Provided data:
★ ★ ★ ★ ★ ★ ★
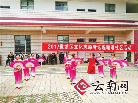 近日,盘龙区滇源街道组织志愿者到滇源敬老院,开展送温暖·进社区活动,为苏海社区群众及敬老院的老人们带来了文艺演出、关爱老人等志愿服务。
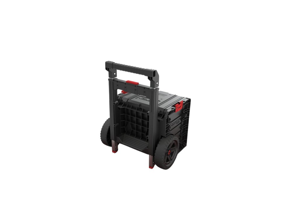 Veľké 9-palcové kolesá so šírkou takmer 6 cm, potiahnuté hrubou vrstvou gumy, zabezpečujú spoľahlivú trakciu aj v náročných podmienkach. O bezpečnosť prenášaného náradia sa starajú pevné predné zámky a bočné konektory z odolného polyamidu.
★ ★ ★ ★ ★ ★ ★
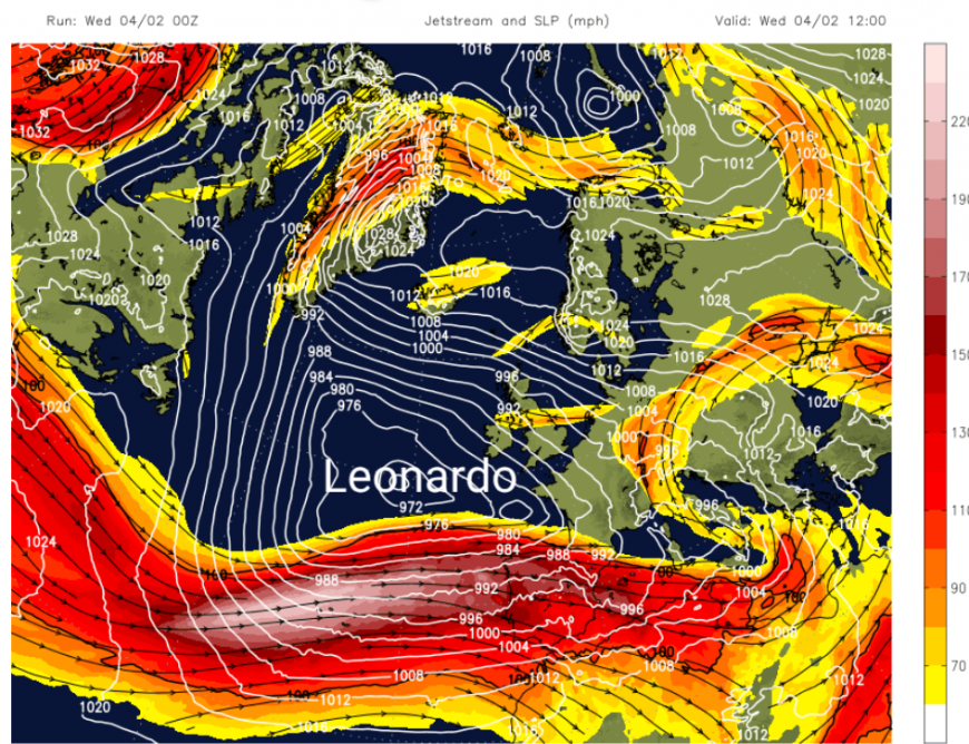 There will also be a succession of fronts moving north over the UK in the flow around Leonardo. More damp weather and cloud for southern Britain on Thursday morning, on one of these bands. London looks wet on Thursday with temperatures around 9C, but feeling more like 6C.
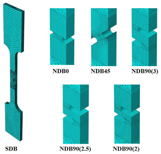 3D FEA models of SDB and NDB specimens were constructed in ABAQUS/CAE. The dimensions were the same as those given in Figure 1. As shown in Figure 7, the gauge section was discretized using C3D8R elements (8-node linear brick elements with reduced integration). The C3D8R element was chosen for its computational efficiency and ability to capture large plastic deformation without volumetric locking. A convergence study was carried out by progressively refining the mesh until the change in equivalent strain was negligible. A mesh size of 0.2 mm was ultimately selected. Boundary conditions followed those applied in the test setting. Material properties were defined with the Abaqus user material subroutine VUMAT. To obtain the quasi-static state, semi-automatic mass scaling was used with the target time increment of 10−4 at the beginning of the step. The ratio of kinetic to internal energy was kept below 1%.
★ ★ ★ ★ ★ ★ ★
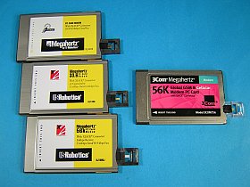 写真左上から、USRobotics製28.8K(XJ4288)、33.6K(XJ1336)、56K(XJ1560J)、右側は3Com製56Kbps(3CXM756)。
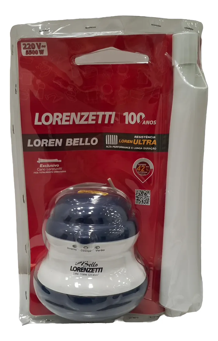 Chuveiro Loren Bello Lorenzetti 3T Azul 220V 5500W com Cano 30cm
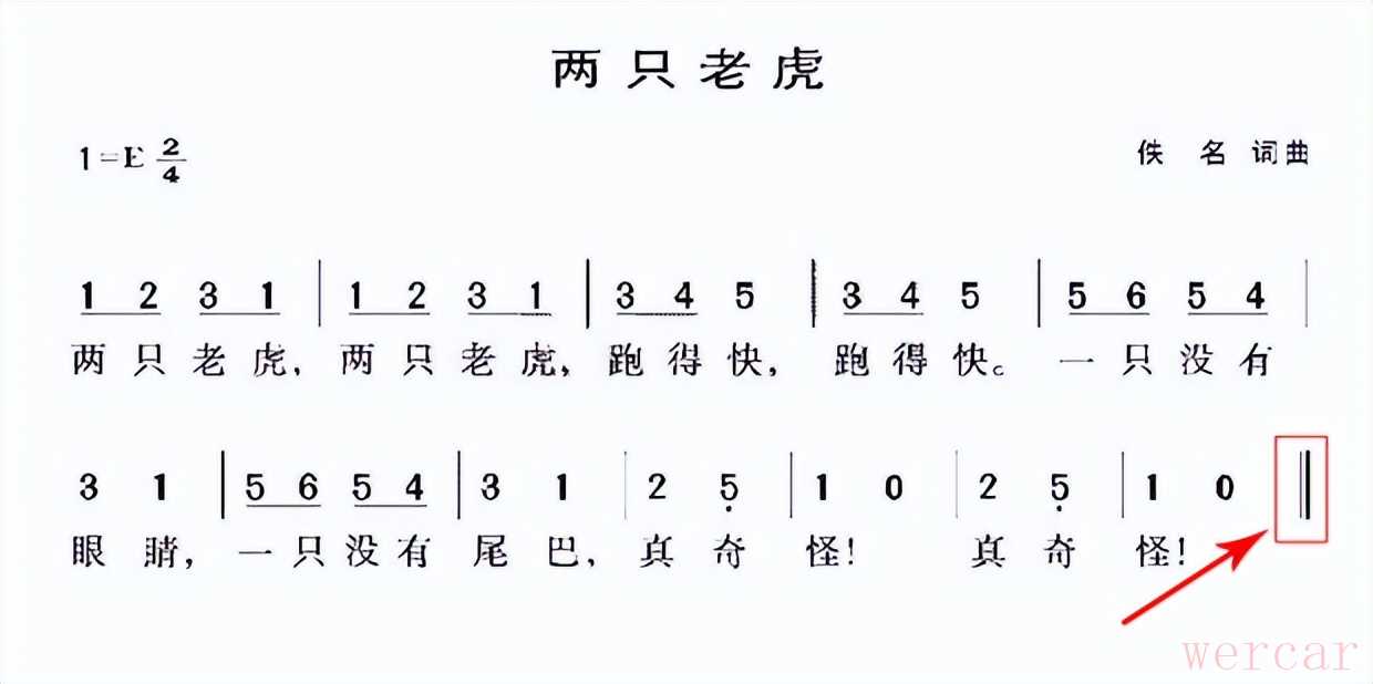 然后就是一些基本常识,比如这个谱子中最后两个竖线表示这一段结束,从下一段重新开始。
★ ★ ★ ★ ★ ★ ★
Repeat exactly the lines above, from the line that contains "近日,盘龙区滇源街道组织志愿" down through the line that contains "Veľké 9-palcové kolesá". Include both of those lines and none of the pictures.

 近日,盘龙区滇源街道组织志愿者到滇源敬老院,开展送温暖·进社区活动,为苏海社区群众及敬老院的老人们带来了文艺演出、关爱老人等志愿服务。
 Veľké 9-palcové kolesá so šírkou takmer 6 cm, potiahnuté hrubou vrstvou gumy, zabezpečujú spoľahlivú trakciu aj v náročných podmienkach. O bezpečnosť prenášaného náradia sa starajú pevné predné zámky a bočné konektory z odolného polyamidu.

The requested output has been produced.